A few weeks ago I made an announcement on social media that I was 1 year sober. I was not ready and I didn’t have the right words to share. I decided to do it anyway. I obsessed about the words that I would choose for the weeks leading up to the Soberversary. I wanted to be serious, but lighthearted. I wanted people to know it was a big deal and I was proud of myself. But I didn’t want anyone to think I was ever a raging mean alcoholic. I wanted to share the news and receive positive feedback and celebration from my friends, but I didn’t want to be vulnerable or open for criticism, judgment or imagination about addiction. I was scared. I was really frightened about what everyone would think. Once I shared, people were going to know and after it was documented, I couldn’t take it back. It was scary and I was anxious leading up to the date. Once the calendar turned and the 1 year sober date actually arrived, I decided to just post the exact thoughts I had in that moment. I hit post. Immediately, I felt a flood of relief to have finally gotten that off my chest. I had finally shared the secret I had been quietly working on all year long. I was letting people in and regardless of the outcome it felt wonderful. Then the comments and the likes started rolling in. My people were celebrating with me and rooting for my success and many of them have been on this path too.

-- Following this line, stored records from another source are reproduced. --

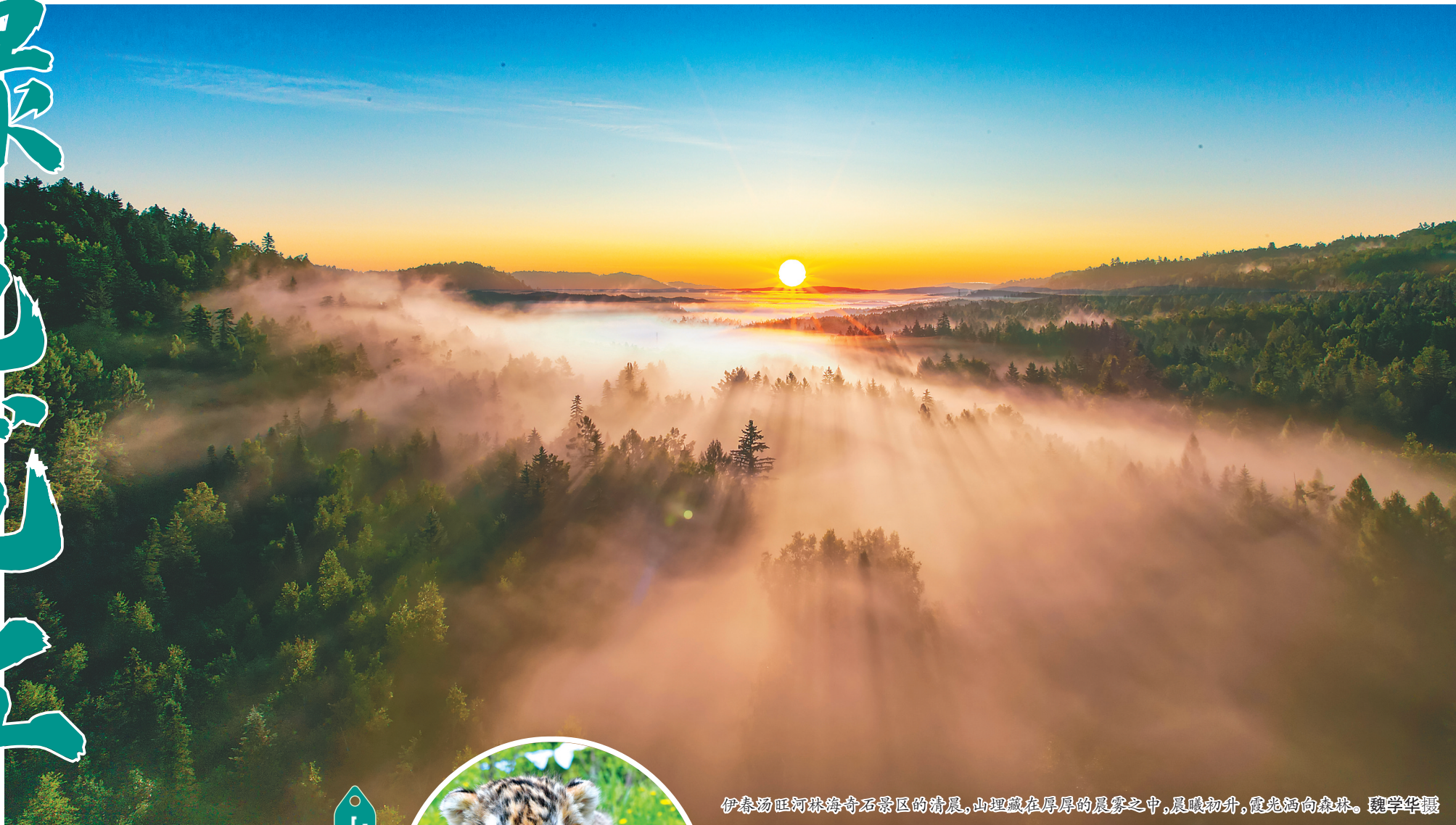
伊春汤旺河林海奇石景区的清晨,山峦藏在厚厚的晨雾之中,晨曦初升,霞光洒向森林。
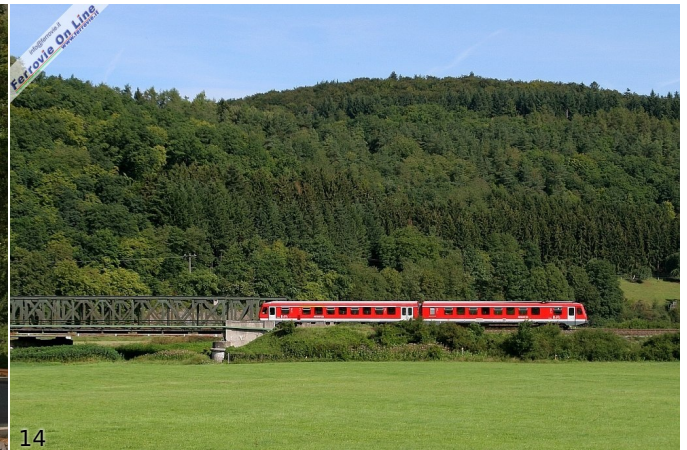
14. RB Limburg - Giessen nei pressi di Solms, alle porte di Wetzlar (Foto Paolo De Pasqual, agosto 2011)

Da Wetzlar, notevole città d'arte su cui spicca il duomo rimasto incompiuto dal 1400, si può proseguire in bicicletta o treno per qualunque destinazione della Germania.
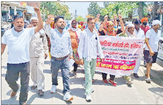
झज्जर। प्रदर्शन करते हुए सफाई कर्मचारी।
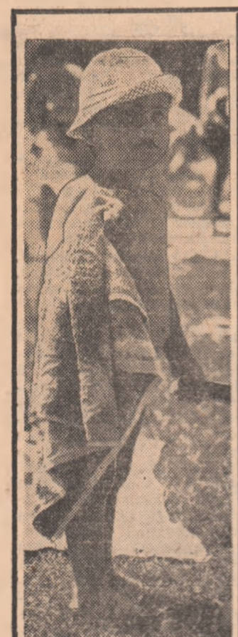
Cînd prosopele n-o sîmăi mai servească drept halat și-o să cresc mare, am să ajung un campion vestit — pare să spună piticul și înfometatul învîtător, la capătul unei noi ore de ucenicie în atelierul bazinului

Organizarea, la foarte puțin timp după încheierea Turului României, a unui concurs cicloturistic dedicat celor mai mici rutieri a fost, am zice, un fel de pradă a ștafetei în... pedalele viitoarelor noastre speranțe.
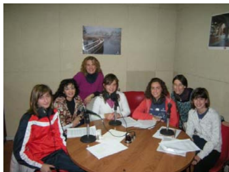
Alumnas colaboradoras junto con las profesoras acompañantes y la presentadora del programa radiofónico en Infantes FM

Durante el mes de noviembre ya se han emitido 3 programas, que bajo el título "NUESTRA VOZ EN LAS ONDAS", hacen llegar a los oyentes las inquietudes de los alumnos/as, a la vez que informan sobre las actividades que tienen lugar en el centro, todo
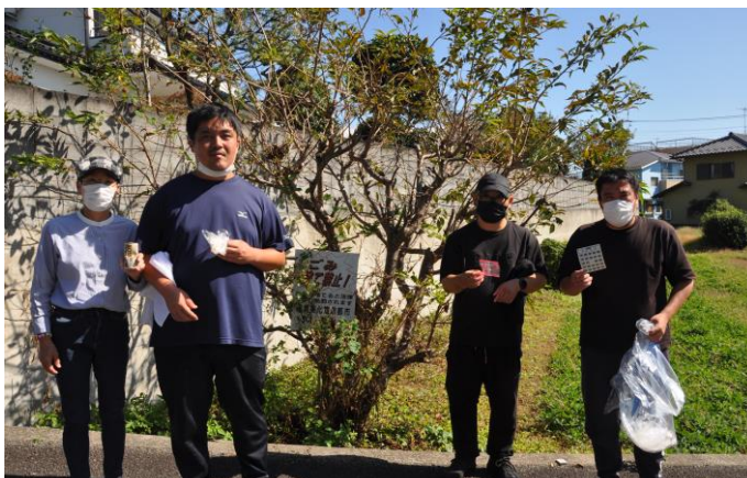
▲毎日、ゴミ拾いを行うメンバーのみなさん
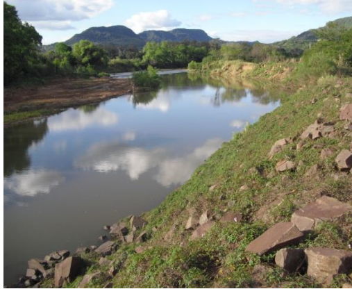
Figura 01: margem direita do Rio Soturno, São João do Polêsine.
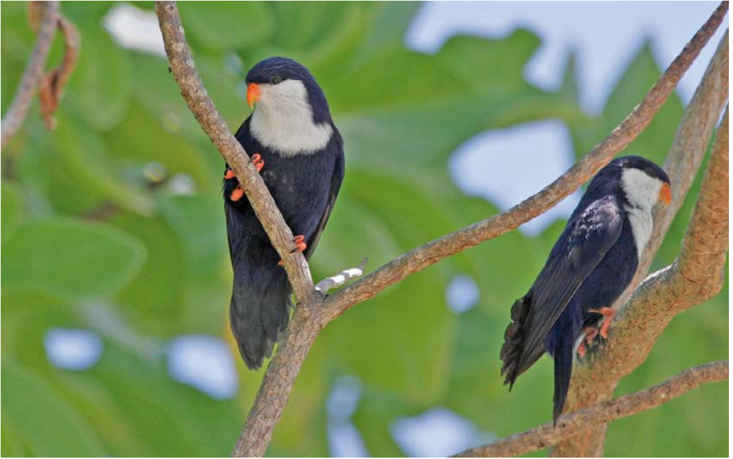
294 Blue Lorikeets / Saffierlori's Vini peruviana , Rangiroa, Tuamotu Islands, French Polynesia, 25 September 2006
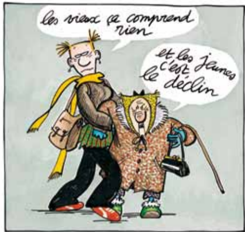
Agrippine et Zonzon © Claire Bretécher / Dargaud

Vendredi 1 er avril • de 14h à 21h30 • Entrée libre • Centre Pompidou • Petite Salle • Niveau -1 • Entrée rue Saint-Martin (Piazza)
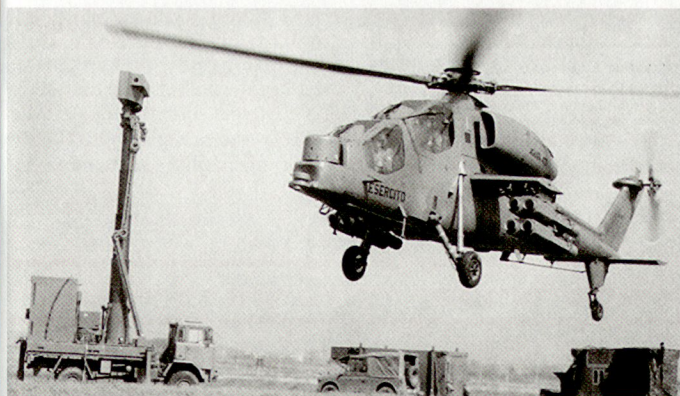
Die Restrukturierung des italienischen Heeres soll mehr Flexibilität und Mobilität bringen.

Die gesteigerte Bedeutung von Fremdsprachenkenntnissen in den Streitkräften zeigt, dass die Aufgabe militärischer Einrichtungen schon lange nicht mehr nur allein mit den «traditionellen militärisch-handwerklichen» Fähigkeiten bewältigt werden kann. RZE
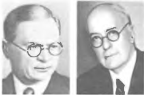
П. П. ЛАЗАРЕВ

После победы Великой Октябрьской социалистической революции Лазарев принимает активное участие в организации советской науки. В 1917–22 – директор физиче-
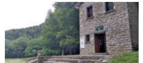
Pradera de Ordesa
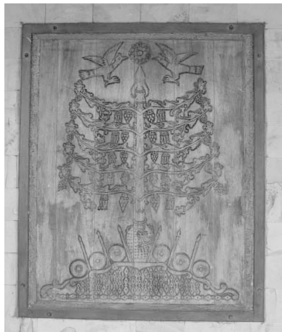
Gambar 1. Burung tingang (mengapit) dan Jata (pada belanga di pangkal pohon) dalam ragam hias Batang Garing.

Orang Dayak Ngaju percaya bahwa, meskipun mereka sekarang memeluk agama Islam, Kristen, atau pun Katolik, namun nenek moyang mereka adalah pemeluk kepercayaan Kaharingan. Tidak seperti kepercayaan Hindu Jawa, jarak historis yang memisahkan mereka dengan kepercayaan tersebut tidaklah jauh. Mudah dijumpai seorang Dayak Ngaju beragama Islam maupun Kristen, namun kakek
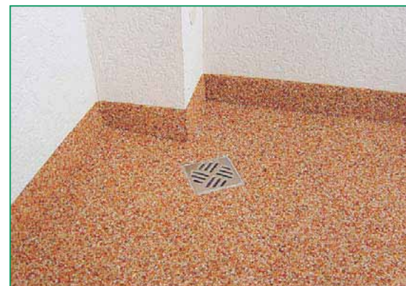
Sistem: acoperire de suprafață cu pietre naturale HADALAN® PUR
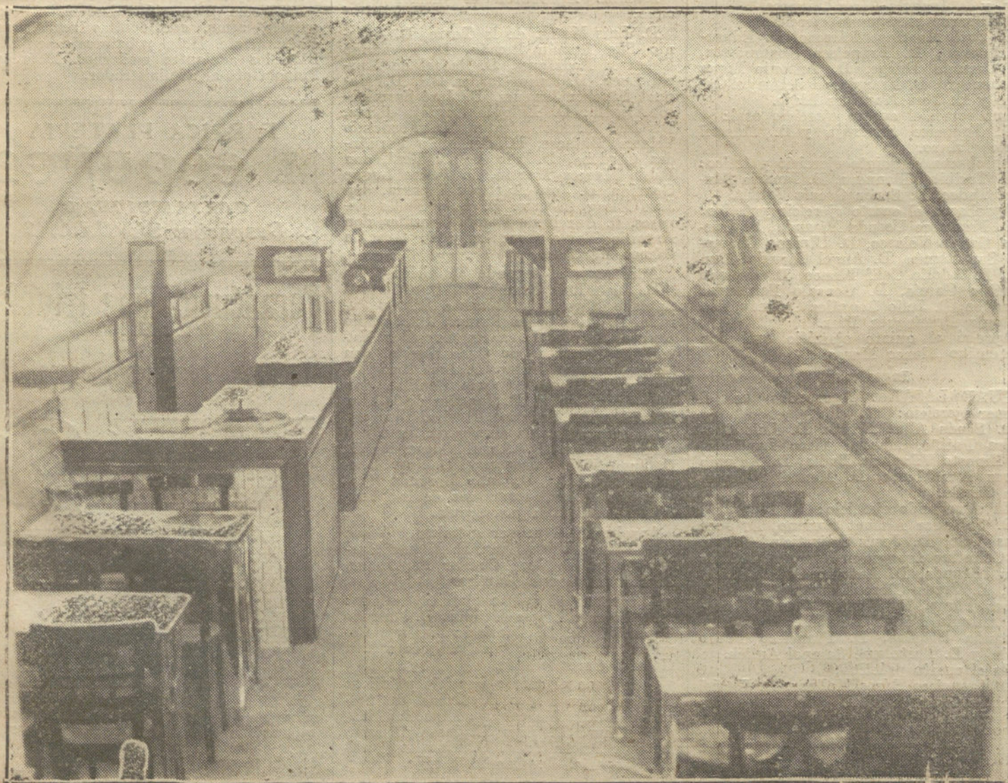
NUEVA ELIPA.—Ayuntamiento de Madrid

A continuación se retiraron tranquilamente los del grupo.
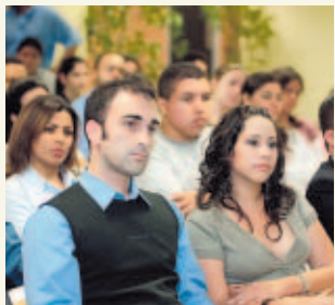
PASE A LA 47A
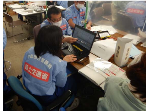
排水活動支援ツールを用いた ポンプ車等の配置検討
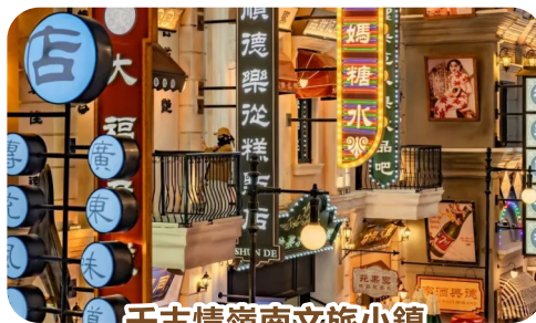
千古情嶺南文旅小鎮
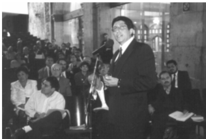
Durante el informe del Grupo de Trabajo.

Todos los miembros de la CECU deberán ser miembros de la comunidad universitaria en calidad de profesor, investigador, técnico
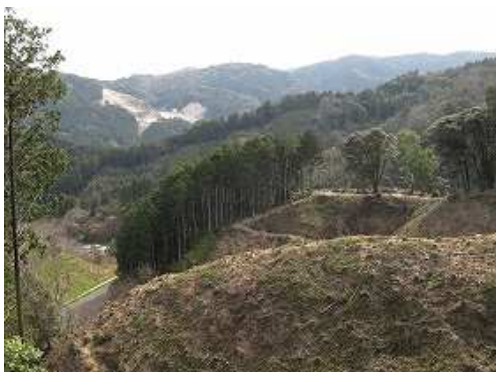
東の展望所を望む。
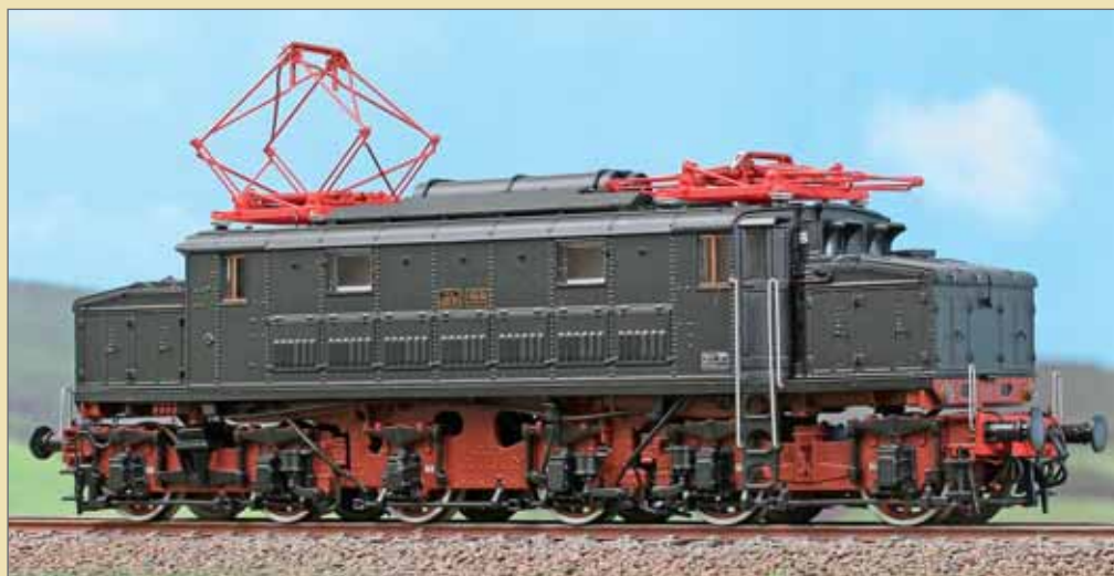
Locomotiva elettrica E626.101 in livrea nera, con emblema storico da applicare, Deposito di Foggia. Electric locomotive E626.101 in black livery, with historical emblem to apply, Foggia Depot. Elektrolokomotive E626.101 in schwarzer Lackierung, mit historischem Emblem, Bw Foggia.
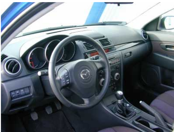
Modernes, sportliches Design dominiert im neuen Mazda 3. Leider ist die Bedienung nicht immer funktionell.
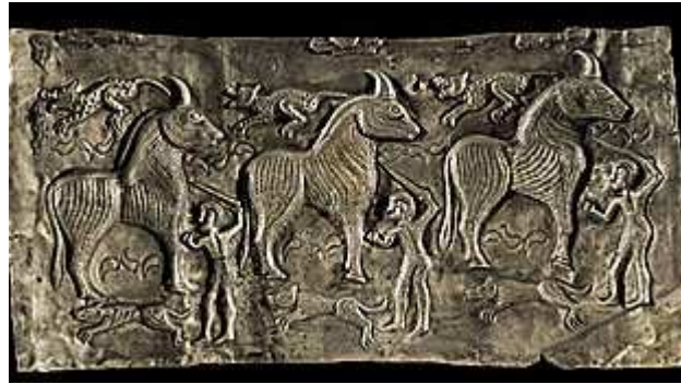
Afbeeldingen van een verdrinkingsoffer en een stierenoffer op de Gundestrupp ketel

Veel van deze offers vonden plaats in heiligdommen en werden uitgevoerd door priesters. Die heiligdommen waren in eerste instantie heilige bossen, meestal natuurlijke bossen maar soms ook aangeplante bossen of zelfs door rechtopstaande boomstammen nagebootste bossen. Uit veel vondsten blijkt dat bomen voor de Kelten een belangrijke spirituele betekenis hadden. Hiernaast kenden de Kelten ook gebouwen die als heiligdom dienst deden.

I am starting a new coaching business and a digital sobriety class. I am not ready. I have a plan, an idea, a guide and a road map. Each destination requires opening myself up a little bit more. I have to continue to be vulnerable. This is not easy for a perfectionist, like me. I want everything to be perfect before I invite others in. But if the house had to be perfectly clean before we have company, we would never have company.
So here it is. Here is this thing I am building. It is unfinished and imperfect. It will evolve. For now come see what I have started. Leave your thoughts and even criticism. I can take it. I welcome your feedback.
Let’s grow, connect and learn together. Thank you for showing up and coming to my website, even though the dishes aren’t done yet and I am answering the door in my robe. I’m glad you’re here and I can tell we are going to be friends.